Fueling and Hydrating During Baseball Games
The purpose of consuming fuel and fluids during training and games is to prevent carbohydrate depletion and maintain a good hydration status. Ideally, enough fluid should be consumed to prevent losses greater than 2 percent bodyweight. While drinking water is important, sports drinks have the additional benefit of providing carbohydrates for energy and electrolytes to keep fluid balance and help prevent dehydration.
Most baseball players prefer not to eat solid food while playing, but it’s still a good idea to have snacks on hand. It can be hard to predict how long a baseball game will last, and some end up going into extra innings, so you’ll need extra fuel.

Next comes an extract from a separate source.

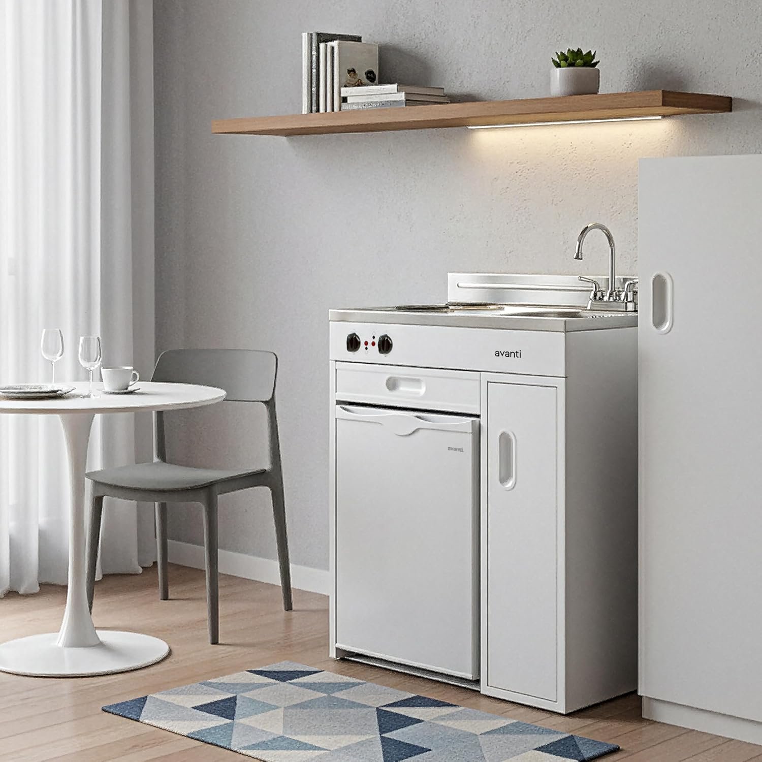 Solve small kitchen space problems with the 30″ compact kitchen from Avanti. This all-in-one kitchenette with stainless-steel countertop, backsplash, and sink, two-element electric coil cooking range, built-in, refrigerator, and separate storage drawer and cabinet. It’s perfect for the hotel room, office, bar, studio apartment, tiny home, rental room, condo, vacation home, or anywhere kitchen space is a premium. The mini-fridge features two adjustable/removable wire shelves, built-in door bins, and a reversible door. The full range temperature control and automatic defrost system ensures your food and beverages stay fresh and cold throughout the day.

Choose easy-digesting foods that can be consumed quickly on the bench, such as bananas, oranges, granola bars, crackers, peanut butter and jelly sandwiches, or energy bars and chews. If unable to eat, most sports drinks contain sufficient carbohydrates to provide quick, usable energy when needed. If playing multiple games in a day, such as a tournament, foods with sufficient carbohydrate and protein should be consumed to help aid in recovery and help maintain feelings of fullness. Good examples include a deli meat and cheese sandwich, pasta salad with chicken, yogurt parfait, and a smoothie.

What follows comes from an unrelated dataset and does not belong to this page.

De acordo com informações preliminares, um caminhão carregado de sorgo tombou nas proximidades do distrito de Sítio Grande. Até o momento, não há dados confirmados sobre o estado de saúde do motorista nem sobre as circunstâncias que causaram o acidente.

Refueling and Rehydrating After Baseball Games
Post-game recovery is critical for baseball players because in many cases, they will have another game the next day. Proper refueling after activity plays a major role in an athlete’s ability to come back stronger the next day. The right foods should supply sufficient calories and carbohydrates that can be stored for tomorrow’s use, protein to rebuild broken down and fatigued muscle, and fluids to help prevent dehydration the following day. Fluids also help remove metabolic waste from activity while carrying new nutrients throughout the body to any areas in need. At a minimum, athletes should drink enough to replace any fluid lost during activity. That can be monitored by weighing in and out before and after activity. See this article for specific examples of what and how much to drink after a workout.

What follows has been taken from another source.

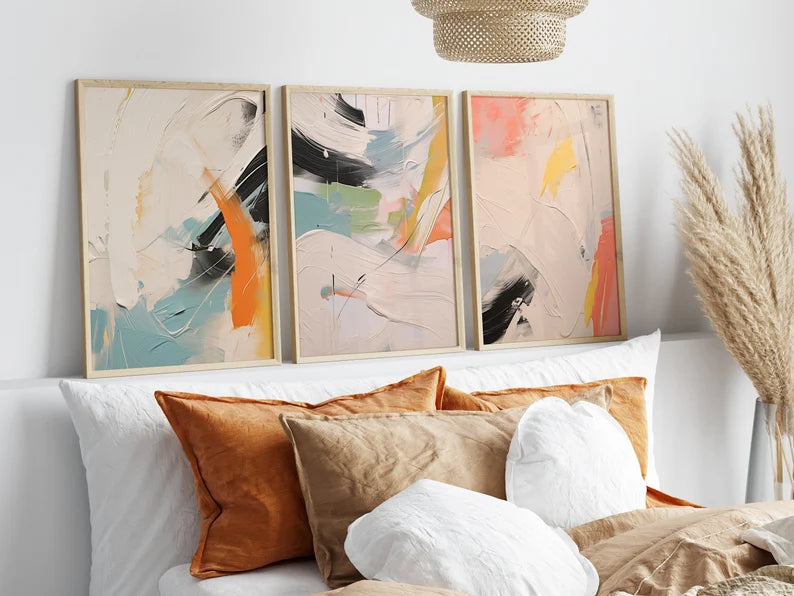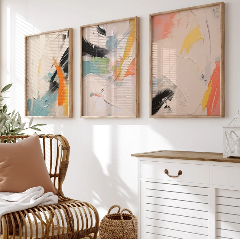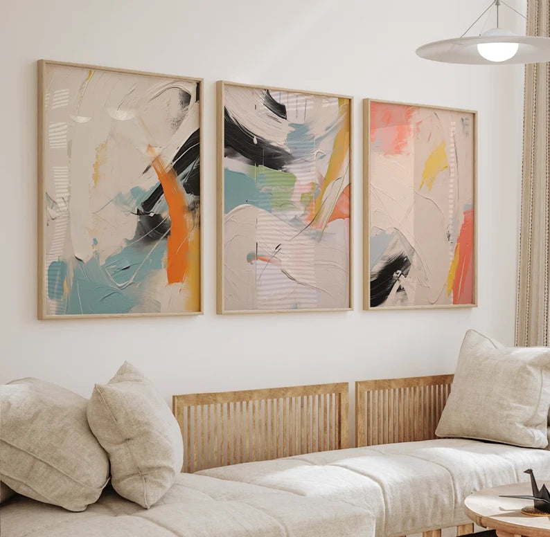 Set x3 Cuadros Abstract X Marco Natural

Three examples of post-game and post-training recovery fuel options for baseball are:
- Rice bowl with chicken, beans, vegetables, cheese, lettuce, and guacamole
- Pasta with ground beef and cheese, side salad with added vegetables
- 16 oz. low-fat chocolate milk, banana, and trail mix
One final consideration for baseball nutrition is travel. Professional and collegiate baseball players frequently endure long bus trips, often overnight, where food options can be very minimal. Due to the popularity of travel baseball, this is now occurring with younger athletes too. Many families find themselves on the road all weekend during the summertime and parents are frequently scrambling for dinners during the week between their work schedules and their child’s practices and games.
This brings to light the importance of planning ahead. Be sure to have snacks, drinks, and even meals available for long car rides and in between activities. Keep a cooler packed with water and sports drinks, fresh fruit, yogurt, sandwiches, energy bars, chocolate milk and other ready-to-eat options. This level of preparation can save time, money, and make life easier for parents over the course of a long baseball season. Developing these nutritional habits from an early age sets baseball players up for success as they progress through their sports career.